Dans "La foi ou la nostalgie de l'admirable", fidèle à la christologie mystique orthodoxe des Pères grecs, le philosophe français Bertrand Vergely réinterprète la Trinité comme ternaire en tant qu'indispensable préalable à toute possibilité de cheminement intérieur et d'accomplissement spirituel.

Le Père y est la Source absolue et transcendante de tout ce qui existe : il est l'éternel créateur dont tout émane et participe.

Le Fils y devient l'Incarnation c'est-à-dire la manifestation du Père par immanence dans tout ce qui existe, y compris chaque homme : le Christ, en ce sens, est l'expression de "l'homme intérieur", c'est-à-dire le vis-à-vis divin et profond de cet homme extérieur, superficiel et mondain qui doit mourir sacrifié pour que ressuscite l'homme divinisé ("Dieu s'est fait homme pour que l'homme devienne Dieu").

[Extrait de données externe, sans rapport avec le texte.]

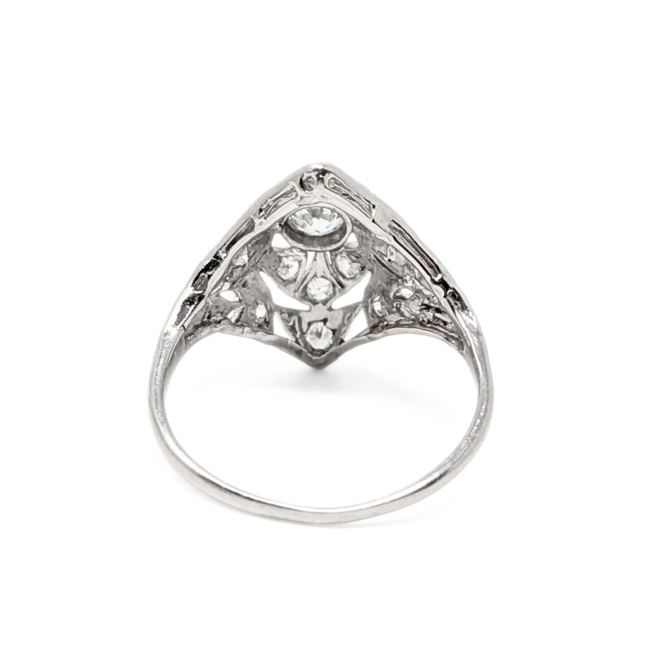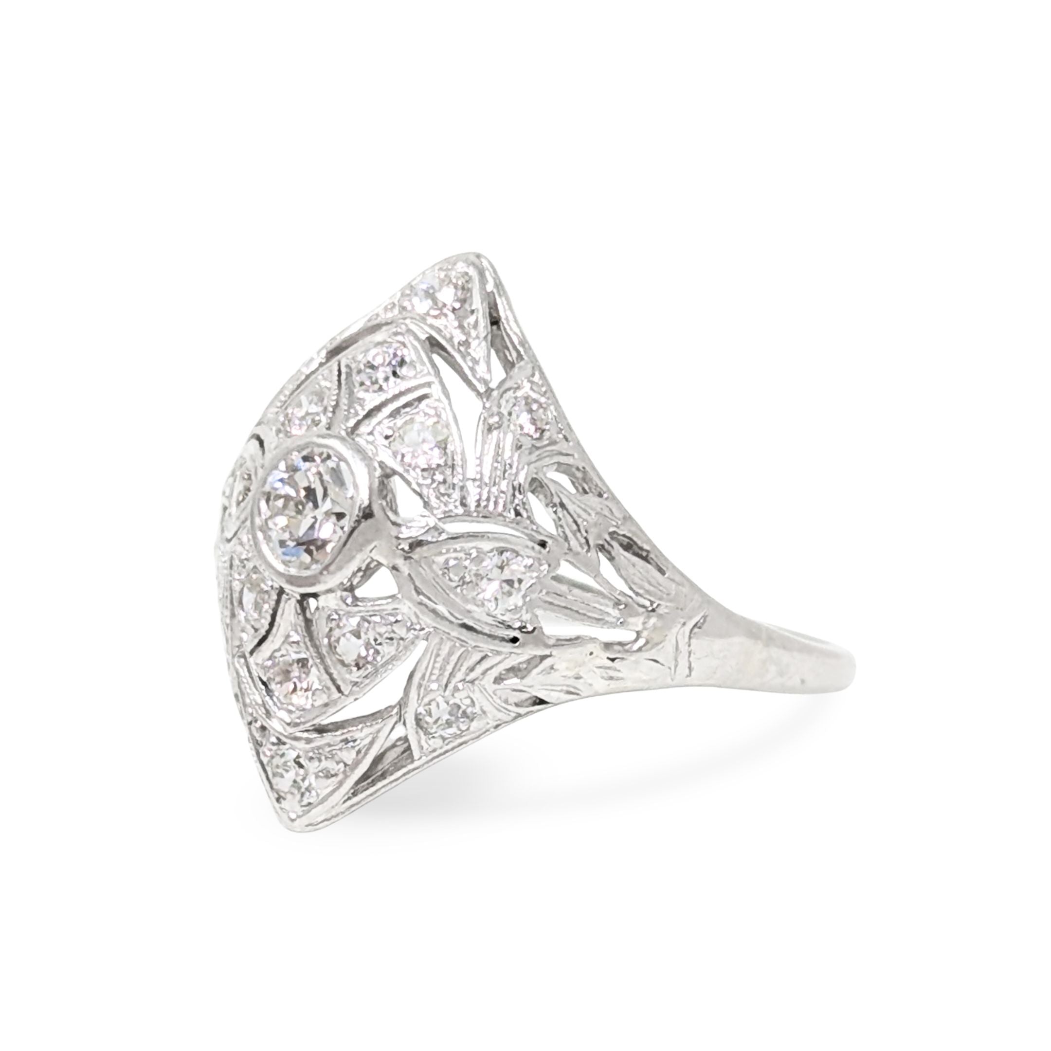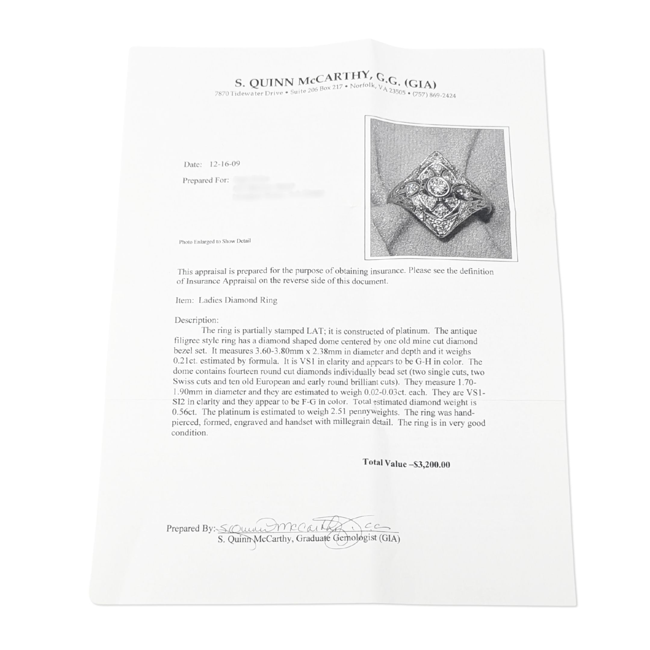 Antique Platinum & Diamond Filigree Ring - Size 7 W/ Papers

Enfin, l'Esprit est l'indispensable moteur du Devenir qui préside à la convergence et à la communion fusionnelle entre le Père et le Fils, entre transcendance et immanence, dans l'unité absolue et indivise du Un dont les trois "personnes" (au sens étymologique de "masque théâtral par où sonne la voix") ne sont que des hypostases.

On comprend vite que, hors le vocabulaire chrétien utilisé, n'importe quel mystique de n'importe quelle tradition pourra se reconnaître dans cette approche ternaire. La Trimurti indienne en est, probablement l'expression la plus profonde et ancienne. Par contre, cette expression trinitaire est totalement absente de l'Islam qui, dès lors, se condamne au statisme rigide de sa seule révélation littérale. De même, le Protestantisme a largement abandonné la centralité de l'approche trinitaire pour se scléroser en moralisme rigide et déspiritualisé. Le Catholicisme, lui, a conservé la Trinité, mais, en ajoutant le fameux filioque qui fait participer l'Esprit également du Fils, il coupe les ailes à toute dynamique mystique et herméneutique en transformant la relation dynamique triangulaire en relation hiérarchique figée.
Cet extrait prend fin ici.